Diagnostic Accuracy: The raters assessed the true positive (TP), false positive (FP), true negative (TN), and false negative (FN) rates of ChatGPT’s answers, considering the suggested differentials and the final diagnosis provided. Each case had four answer options, and ChatGPT’s explanation for each of the four answer options was categorized as either true or false, positive or negative [13]. We then calculated the accuracy, precision, sensitivity and specificity base as shown:

Accuracy: (TP + TN)/Total Responses

Precision: TP/ (TP + FP)

Sensitivity: TP/ (TP + FN)

Specificity: TN / (TN + FP)

To further evaluate the model’s performance, we generated a Receiver Operating Characteristic (ROC) curve and calculated the Area Under the Curve (AUC). This involved collecting model scores or probabilities for each instance, sorting instances based on their scores, iterating thresholds to calculate True Positive Rate (TPR) and False Positive Rate (FPR) for each threshold, plotting the FPR against the TPR to create the ROC curve, and computing the AUC to quantify the model’s discriminative ability. This thorough analysis provided both visual representation and scalar measurement to assess the model’s efficacy in diagnostic accuracy.
Cognitive Load: The raters evaluated the cognitive load of ChatGPT’s answers as low, moderate, or high, based on the complexity and clarity of the information provided according to the following scale [14]:

Low cognitive load: The answer is easy to understand and requires minimal cognitive effort to process

Moderate cognitive load: The answer requires moderate cognitive effort to process

High cognitive load: The answer is complex and requires significant cognitive effort to process
Quality of Medical Information: The raters assessed the quality of the medical information provided by ChatGPT according to the following criteria:

Complete: The answer includes all relevant information for making an accurate diagnosis

Incomplete: The answer is missing some relevant information for making an accurate diagnosis

Relevant: The answer includes information that is directly relevant to the diagnosis

Irrelevant: The answer includes information that is not directly relevant to the diagnosis

Using the above scale answers were categorized as one of: complete/relevant, complete/irrelevant, incomplete/relevant, and incomplete/irrelevant [15].

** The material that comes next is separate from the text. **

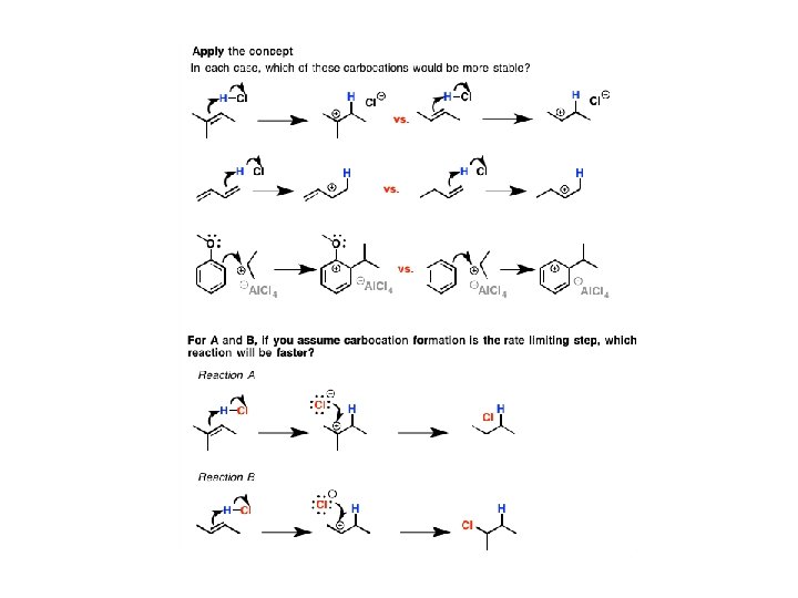Em A ocorre uma adição ao H+ (eletrófilo) formando as duas alternativas de carbocátions O que rege a estabilidade de carbocátions?
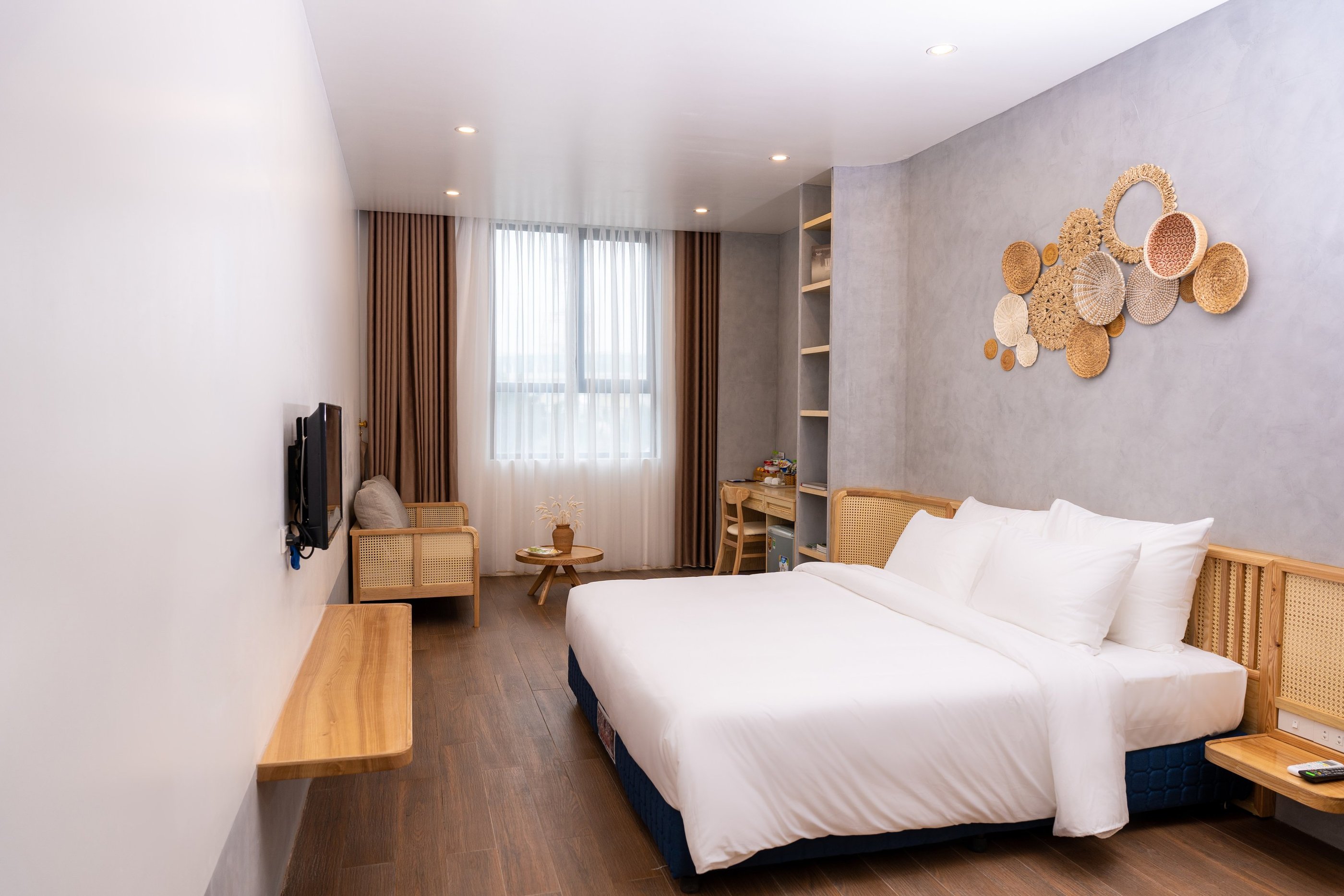 Sự kết hợp với các sản phẩm mây tre đan truyền thống tạo nên không gian sang trọng mà vẫn gần gũi.

Discrepancies between raters were resolved through discussion and consensus. In order to assess the inter-rater reliability of our outcomes, we used Cohen’s Kappa coefficient. This statistical measure evaluates the agreement between two raters who each classify items into mutually exclusive categories. It is particularly useful in this study, as it accounts for any agreement that might occur by chance, which is important given the variability of responses from ChatGPT.

Content analysis

A content analysis was conducted on ChatGPT’s responses to identify patterns of strength and weakness. This analysis focused on the model’s ability to rule out specific differential diagnoses, provide reasonable diagnostic steps, and interpret laboratory values, specialized diagnostic testing, and imaging results. Additionally, we assessed the model’s ability to consider key information relevant to the diagnosis.

Data analysis

Results

A total of 150 Medscape cases were included in the analysis (see Table 1), with a total of 600 answer options (four per case) provided to ChatGPT.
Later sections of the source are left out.